→ **REQUIREMENT**: An exact reprint of the listing is required, with no pictures included.

→ **DATASET EXCERPT**:
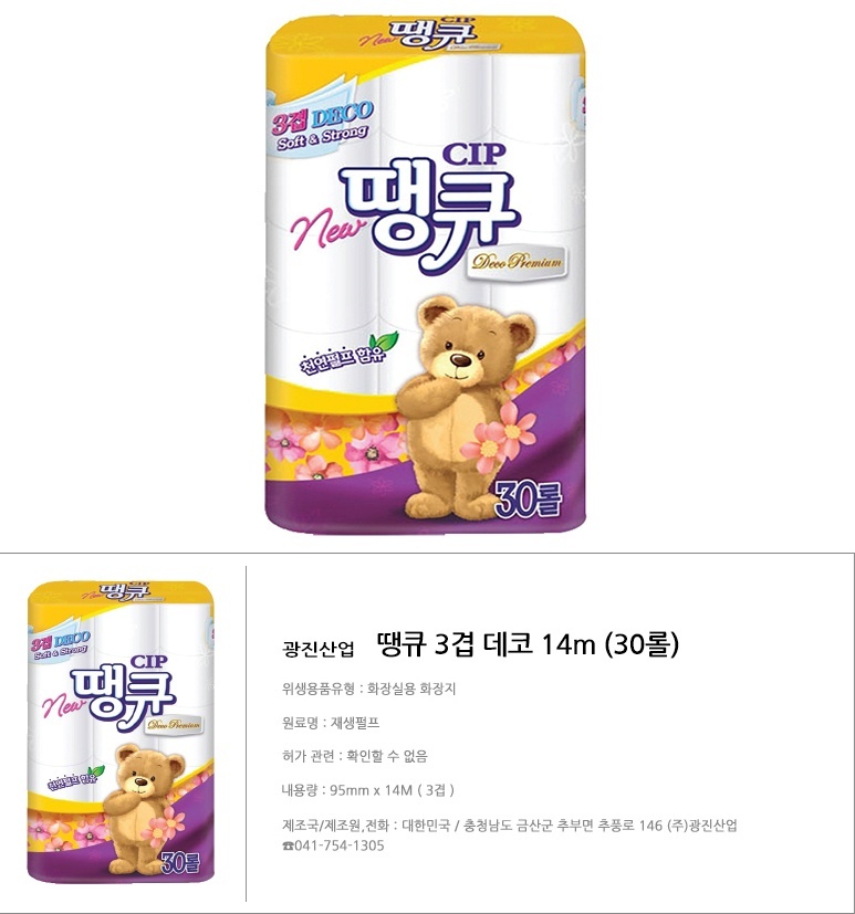 | 품명 및 모델명 | 롤화장지 땡큐 데코 프리미엄 화장지 3겹 14m (30롤) / 상세정보별도표시 |
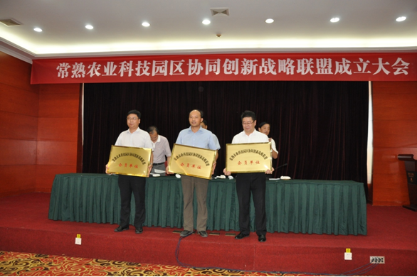 会上,常熟农科园管委会副主任张颂跃代表筹备组介绍了联盟筹建情况。近年来,常熟园区“一核三带多园区”的新定位,各板块园区、农业企业、涉农创新平台等加强协同合作的共同呼声,为建立常熟农业科技园区协同创新战略联盟创造了基础条件。今年初,关于建立“常熟农业科技园区协同创新战略联盟”的方案得到了市委市政府主要领导的批准,由国家农业科技园区牵头成立了联盟筹备小组,着手开展联盟各项筹备工作。根据前期申请审核确认,首批联盟成员为32个,其中各级各类农(渔)业园区15个,农业科技创新合作平台7个,农业科技型企业(包括已认定和未认定的)10个,具有广泛的代表性。
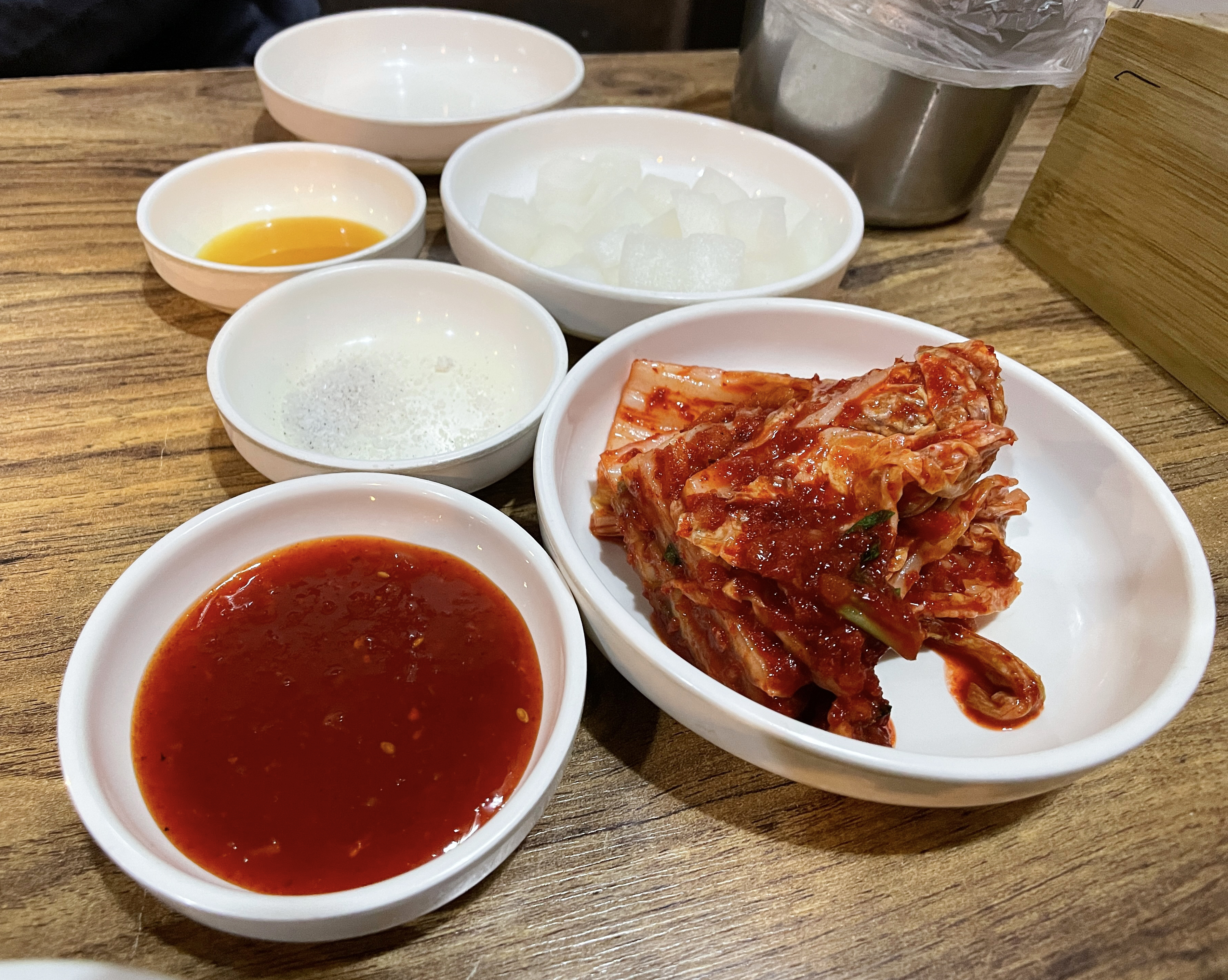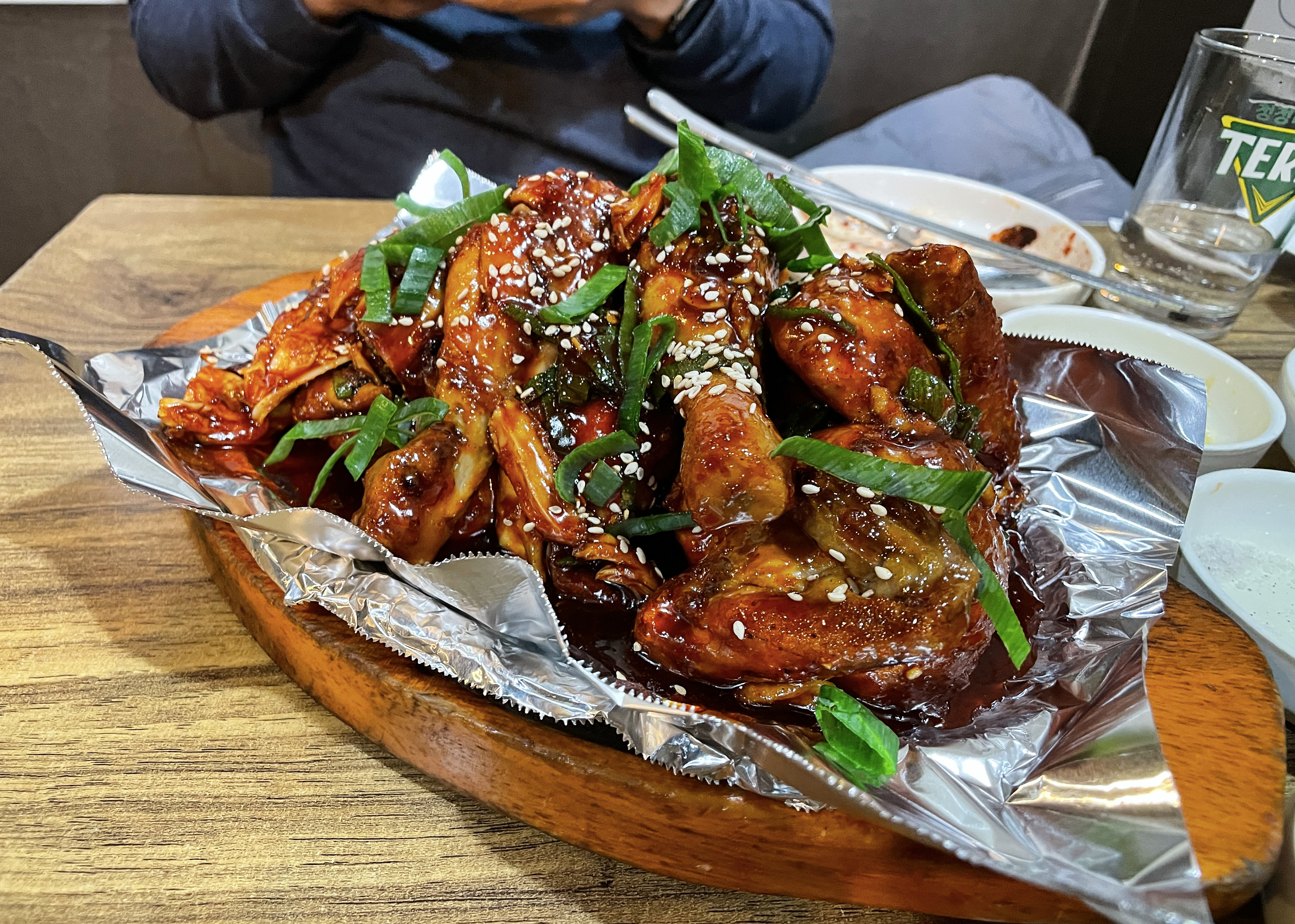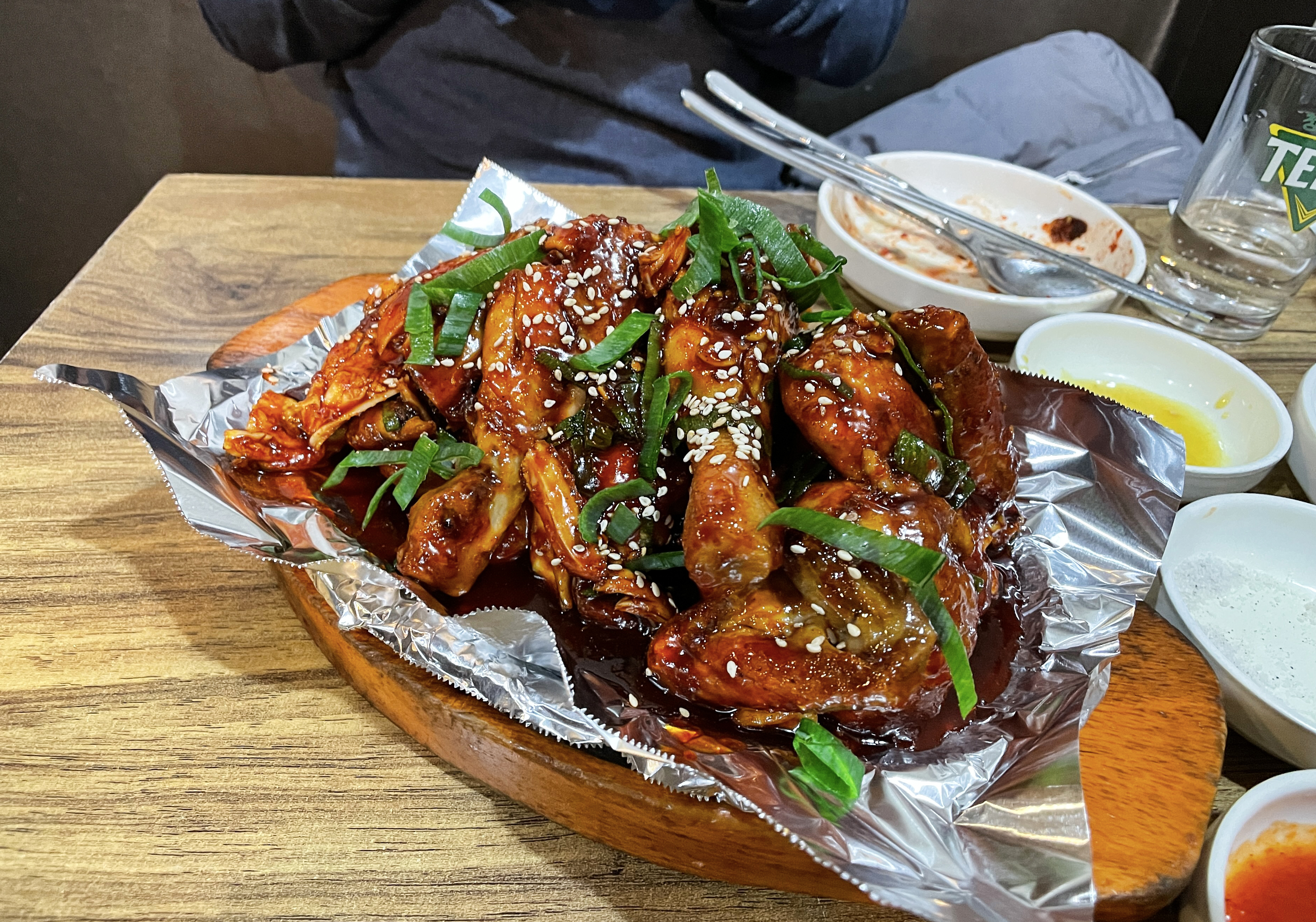 한남동 한방통닭의 크기는 2명이서 먹기에는 조금 적은 듯했고, 1인 1닭 하면 양이 조금 남는 수준이었습니다. 그냥 먹어도 쫀쫀한 식감에 맛있었지만, 배추김치와 같이 곁들이면 느끼함도 줄여주고 맛있게 먹을 수 있었습니다.
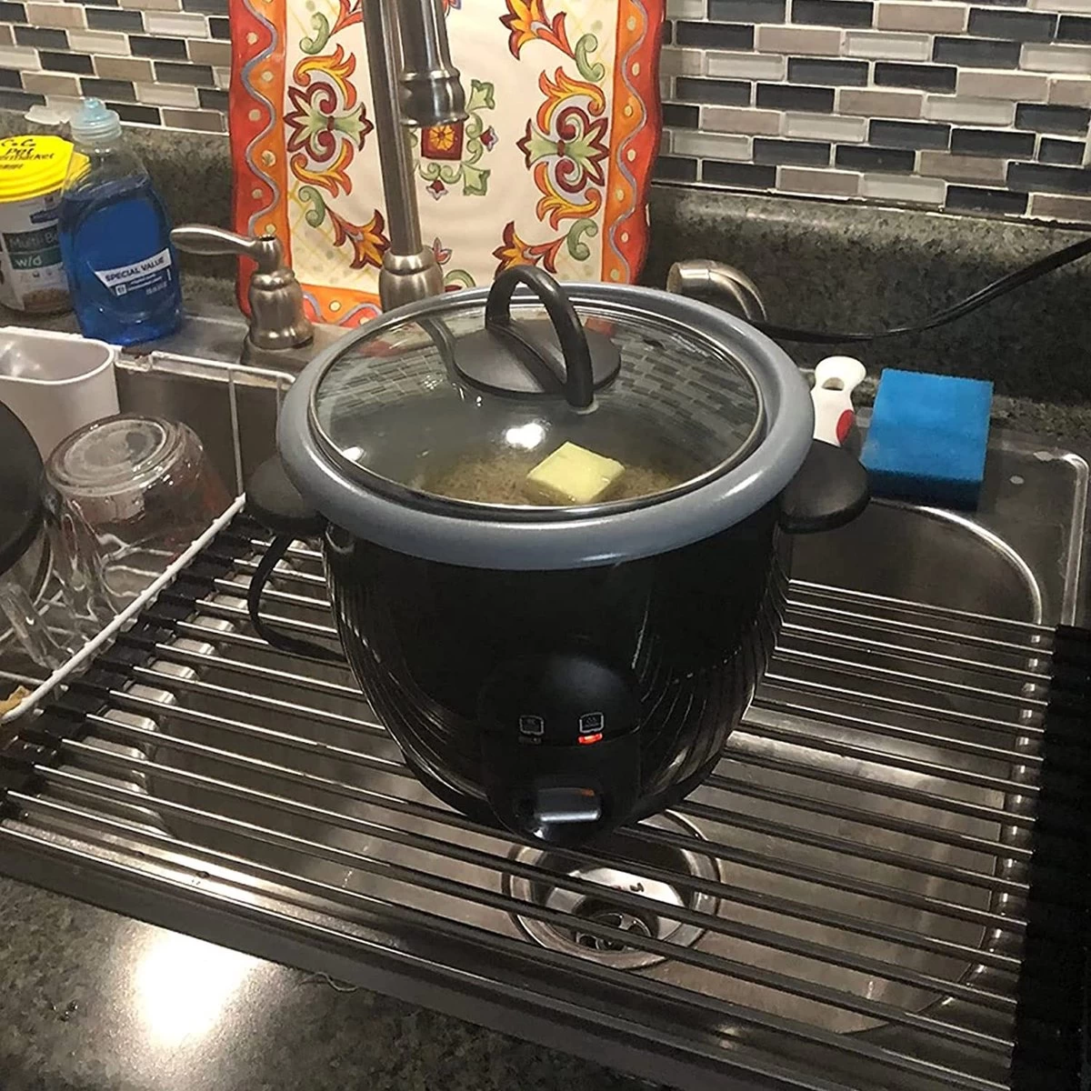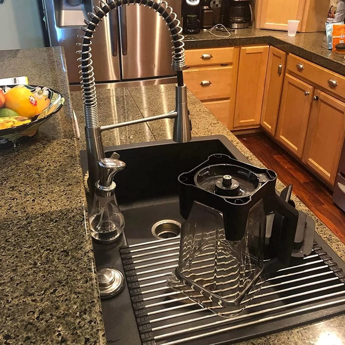 Het probleem met de meeste bordenrekken is dat ze ruimte in beslag nemen. Ons oprolbare afdruiprek heeft een flexibel ontwerp, het rolt op als een gootsteenmat en neemt minimale ruimte in beslag. Dit maakt hem ideaal voor elke keuken. Gemaakt van roestvrij staal en volledig bedekt met siliconen van voedingskwaliteit, waardoor het rek volledig slipvrij blijft. Het is hittebestendig tot 205 graden.

→ **OUTPUT OF THE TASK**:
 | 품명 및 모델명 | 롤화장지 땡큐 데코 프리미엄 화장지 3겹 14m (30롤) / 상세정보별도표시 |
 会上,常熟农科园管委会副主任张颂跃代表筹备组介绍了联盟筹建情况。近年来,常熟园区“一核三带多园区”的新定位,各板块园区、农业企业、涉农创新平台等加强协同合作的共同呼声,为建立常熟农业科技园区协同创新战略联盟创造了基础条件。今年初,关于建立“常熟农业科技园区协同创新战略联盟”的方案得到了市委市政府主要领导的批准,由国家农业科技园区牵头成立了联盟筹备小组,着手开展联盟各项筹备工作。根据前期申请审核确认,首批联盟成员为32个,其中各级各类农(渔)业园区15个,农业科技创新合作平台7个,农业科技型企业(包括已认定和未认定的)10个,具有广泛的代表性。
 한남동 한방통닭의 크기는 2명이서 먹기에는 조금 적은 듯했고, 1인 1닭 하면 양이 조금 남는 수준이었습니다. 그냥 먹어도 쫀쫀한 식감에 맛있었지만, 배추김치와 같이 곁들이면 느끼함도 줄여주고 맛있게 먹을 수 있었습니다.
 Het probleem met de meeste bordenrekken is dat ze ruimte in beslag nemen. Ons oprolbare afdruiprek heeft een flexibel ontwerp, het rolt op als een gootsteenmat en neemt minimale ruimte in beslag. Dit maakt hem ideaal voor elke keuken. Gemaakt van roestvrij staal en volledig bedekt met siliconen van voedingskwaliteit, waardoor het rek volledig slipvrij blijft. Het is hittebestendig tot 205 graden.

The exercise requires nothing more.